8. Stay with me here for a minute. It's 2000/2001. You are a 25-year old with a decent job and no family, resulting in some disposable income. You are a diehard Redskins fan. The "Wait List" is so "long" that you will be lucky to get season tickets before you collect Social Security. Every day, you watch George Michael, one of the godfathers of Washington sports media. You read Michael Wilbon on a regular basis. It seems that there is a real groundswell both inside and outside the organization about this team and you think it is time to get in on it, so you sign up to a club seat contract (because it is the ONLY way to get a season ticket at the time). Is this anyone else's fault? Of course not. You are old enough to take responsibility for your actions...BUT, is it fair that the manner in which your opinion of this team was shaped was so cruelly devious and manipulative? Would you have listened less to George Michael's opinions about the Redskins if you knew he was on Dan Snyder's payroll? Would you have placed less importance on Wilbon's opinions if you knew he had the potential conflict of interest of covering the team and being paid by the team (as the color commentator on the Redskins Broadcast Network)? Like me, you would still love your favorite team to the grave, but would it have mattered to you that a decent amount of the "news" being put out by the D.C. media was actually created and produced by the organization? (I am not suggesting that there weren't folks who knew all of this at the time. I sure didn't, and it seems like at least some of the rest of us didn't as well.) I guess it just doesn't sit well with me that one of my heroes that was so instrumental in shaping my view of the Redskins--George Michael, may he rest in peace--threatened other D.C. journalists in a way that only he could when those journalists considered publishing what some people would call "the truth."
9. There are two sides to every story, or so they say. It seems that Dan Snyder may have succeeded in creating a world where there was only one side: his (genius!!! husbands all over the world are studying this as we speak to see if there are any real-life applications). Even so, I have no real grounds to blame him for "deceiving me," as the team was so dreadful for so long that we all kind of saw the truth on Sundays. This is not about blaming Snyder for me buying season tickets.
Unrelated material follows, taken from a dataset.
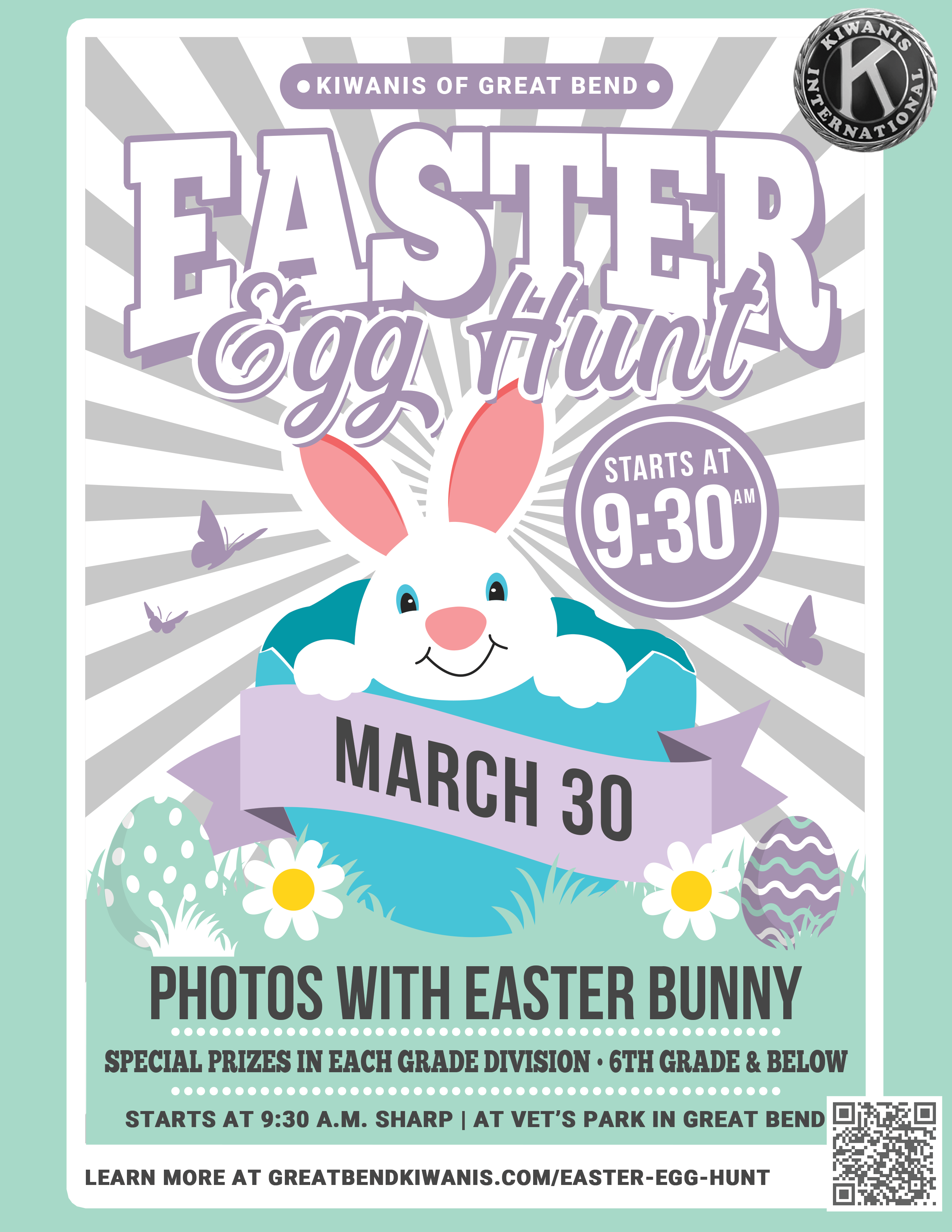 The annual Easter Egg Hunt sponsored by the Kiwanis Club of Great Bend is set for 9:30 a.m. sharp, Saturday, March 30. The hunt will be at the Kiwanis Walking Track on the north side of Veterans Memorial Park, just off McKinley Street in Great Bend.

I made that decision, and it is on me. The truth is that I live to tailgate and watch football. I got exactly what I signed up for there. It just took me almost ten years to figure out that I was a) overpaying for an experience I could get for a fraction of the cost by purchasing tickets in the parking lot; and b) failing to understand that the kind of control Dan Snyder had/has is...well...wrong.
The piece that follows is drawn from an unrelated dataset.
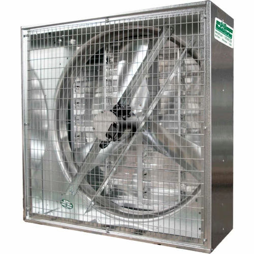 Eliminates heat build-up in barns, greenhouses and industrial buildings. Exhaust fans feature external aluminum shutters with tie bars to help prevent shutter flapping. Heavy-duty 18 gauge steel housing. Hot dipped after welded, galvanized 1″ x 2″ x 12 gauge removable wire mesh guards. Includes poly guard clips to reduce vibration. Totally enclosed motor has sealed ball bearings and automatic thermal overload protection. Galvanized X-frame motor mount provides rigidity for long life and quiet operation. 3 galvanized steel blades are balanced for smooth operation. Exhaust fans include provisions for hardwire installation. Field convertible 115/230V. Motor is UL/ULC recognized. 2 Year Limited Warranty. Horsepower rating based upon maximum speed/load.

10. What one man thinks is wrong, another man calls "innovative." It looks like team-produced "news" content is here to stay, and is present in many markets. Ultimately, nothing in this article pushes me over the edge, or makes me hate on Dan Snyder any more than any of us have for a variety of reasons over the years. At this point in time, we kind of know who we are dealing with, and we know that Dan Snyder will likely be the steward of the team for many, many years to come. As Lady Jaye once said, "Now you know, and knowing is half the battle."